Detect the motility rate of recovery villus membrane tissue inner cell:0.25% pancreatin is added after the chorion that recovery obtains is shredded
Digestive juice, 37 DEG C digest 1 hour, add the clostridiopetidase A IV of 2g/L, 37 DEG C digest two hours.With life after 1500 turns/min centrifugation
It manages salt water to be resuspended, crosses cell sieve, sampling, Trypan Blue detects Cell viability.

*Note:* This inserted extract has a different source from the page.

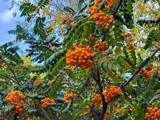 Можно поискать в питомниках Невеженскую желтую, Огонек, Вефед, Отем Спайр (листья осенью просто фантастические!). Все эти рябины не только очень декоративны, но и вполне съедобны! А я в питомнике не покупал. Заметил, понравившуюся, весной срезал черенок и привил. Делов-то...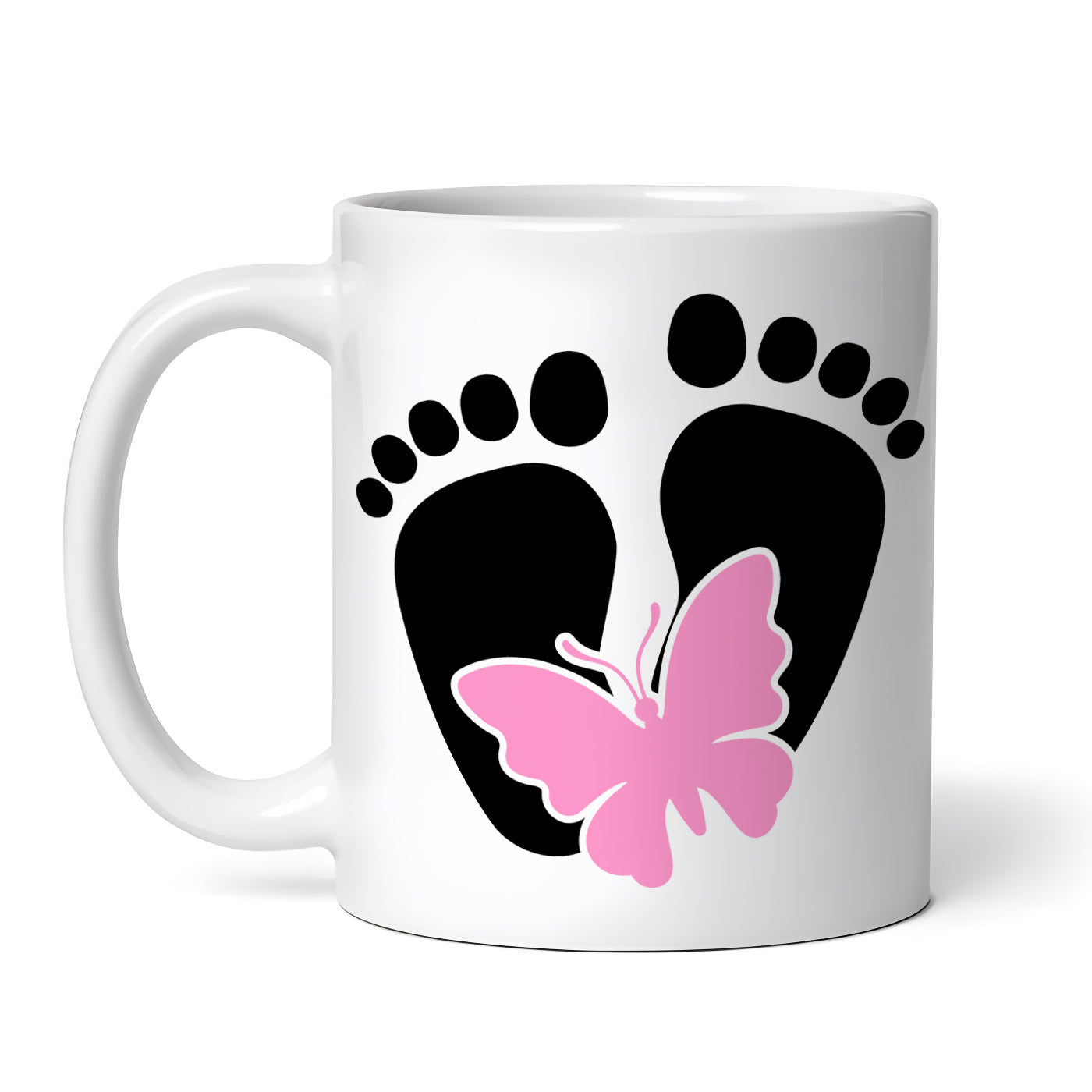 Cana ceramica, Talpi de copil cu fluture roz, NO6595, 330 ml, Multicolor

Using 1 disclosure of embodiment in Chinese invention patent CN201210288706 (Authorization Notice No. CN 102763642B)
Method freeze villus membrane tissue and recover, using same method detect motility rate, the results are shown in Table 1, examines through Cell viability
Display is surveyed, the cell survival rate in amnion tissue is much higher than the prior art up to 95% or more.
1 cryopreservation resuscitation chorion histocyte motility rate situation of table
Chorionic villi of placenta is separable to obtain placenta mesenchyma stem cell (method uses existing public technology), as a result such as Fig. 3
It is shown, as seen from the figure, it can have successfully been isolated to fill between obtaining after the placental villi membrane tissue recovery frozen using method of the invention
Matter stem cell.
Above-described embodiment is provided to those skilled in the art, how to implement and use to be advocated with full disclosure and description
Embodiment, rather than for limiting range disclosed herein.Obvious modification will to those skilled in the art
Within the scope of the appended claims.The all publications, patents and patent applications of this specification citation are incorporated by reference into this
Text, as these publications, patents and patent applications respectively show particularly and individually to be incorporated herein by reference.